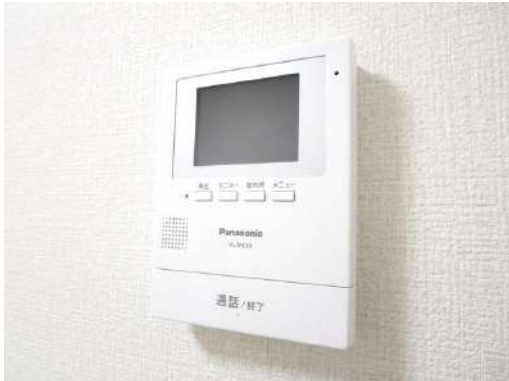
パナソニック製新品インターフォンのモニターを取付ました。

==

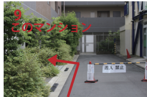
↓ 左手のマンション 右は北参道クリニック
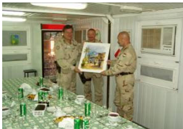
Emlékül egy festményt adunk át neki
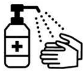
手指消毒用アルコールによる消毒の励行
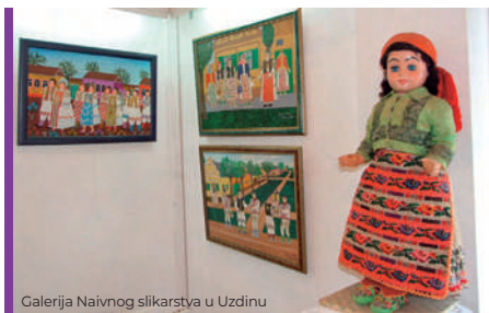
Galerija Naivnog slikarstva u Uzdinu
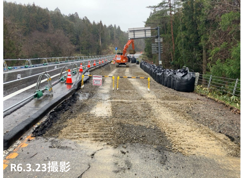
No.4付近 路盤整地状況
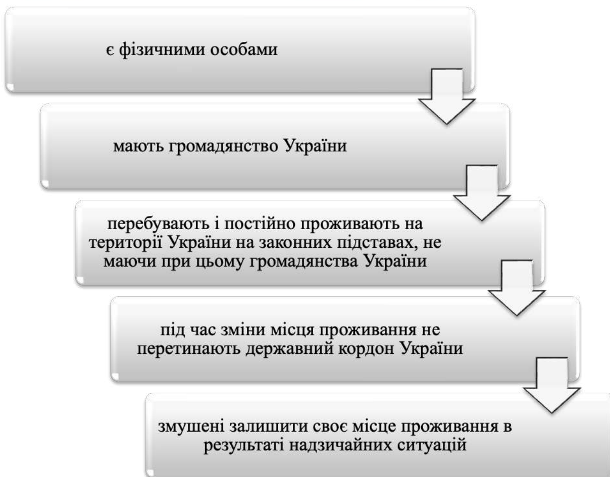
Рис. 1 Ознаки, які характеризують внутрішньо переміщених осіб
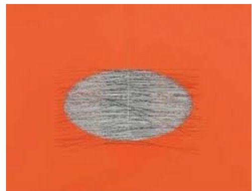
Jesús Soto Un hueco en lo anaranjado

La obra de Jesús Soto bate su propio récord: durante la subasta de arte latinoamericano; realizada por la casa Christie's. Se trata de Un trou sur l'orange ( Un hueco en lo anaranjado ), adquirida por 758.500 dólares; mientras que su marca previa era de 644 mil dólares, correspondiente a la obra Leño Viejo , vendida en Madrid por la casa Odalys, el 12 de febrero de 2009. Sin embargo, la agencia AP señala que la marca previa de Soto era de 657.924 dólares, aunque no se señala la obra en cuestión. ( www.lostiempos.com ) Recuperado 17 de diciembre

* * *

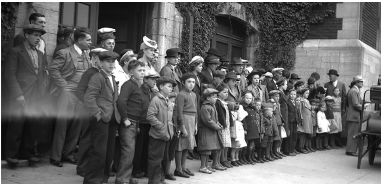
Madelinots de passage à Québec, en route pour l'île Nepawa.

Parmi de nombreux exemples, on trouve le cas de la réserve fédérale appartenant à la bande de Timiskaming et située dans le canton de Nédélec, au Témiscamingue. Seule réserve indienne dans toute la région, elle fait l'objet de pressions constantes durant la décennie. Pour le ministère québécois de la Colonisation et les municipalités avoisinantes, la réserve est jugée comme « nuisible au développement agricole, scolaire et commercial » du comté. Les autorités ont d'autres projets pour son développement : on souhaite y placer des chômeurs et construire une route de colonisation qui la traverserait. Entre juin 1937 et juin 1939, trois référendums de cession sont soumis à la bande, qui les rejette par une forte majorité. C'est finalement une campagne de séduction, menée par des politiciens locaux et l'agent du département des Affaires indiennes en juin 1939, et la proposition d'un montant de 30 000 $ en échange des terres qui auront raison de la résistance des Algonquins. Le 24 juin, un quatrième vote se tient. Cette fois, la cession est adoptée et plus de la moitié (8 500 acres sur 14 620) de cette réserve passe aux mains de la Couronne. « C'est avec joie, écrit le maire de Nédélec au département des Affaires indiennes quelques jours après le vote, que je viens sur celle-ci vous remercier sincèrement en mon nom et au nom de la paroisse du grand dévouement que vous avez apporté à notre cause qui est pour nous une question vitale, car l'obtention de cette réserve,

**YOUR INSTRUCTIONS**
Your answer must be the lines above from the one holding "Galerija Naivnog slikarstva u Uzdinu" up to and including the one holding "Jesús Soto Un hueco en lo anaranjado", exact and with no pictures.

**TASK ANSWER**
Galerija Naivnog slikarstva u Uzdinu
No.4付近 路盤整地状況
Рис. 1 Ознаки, які характеризують внутрішньо переміщених осіб
Jesús Soto Un hueco en lo anaranjado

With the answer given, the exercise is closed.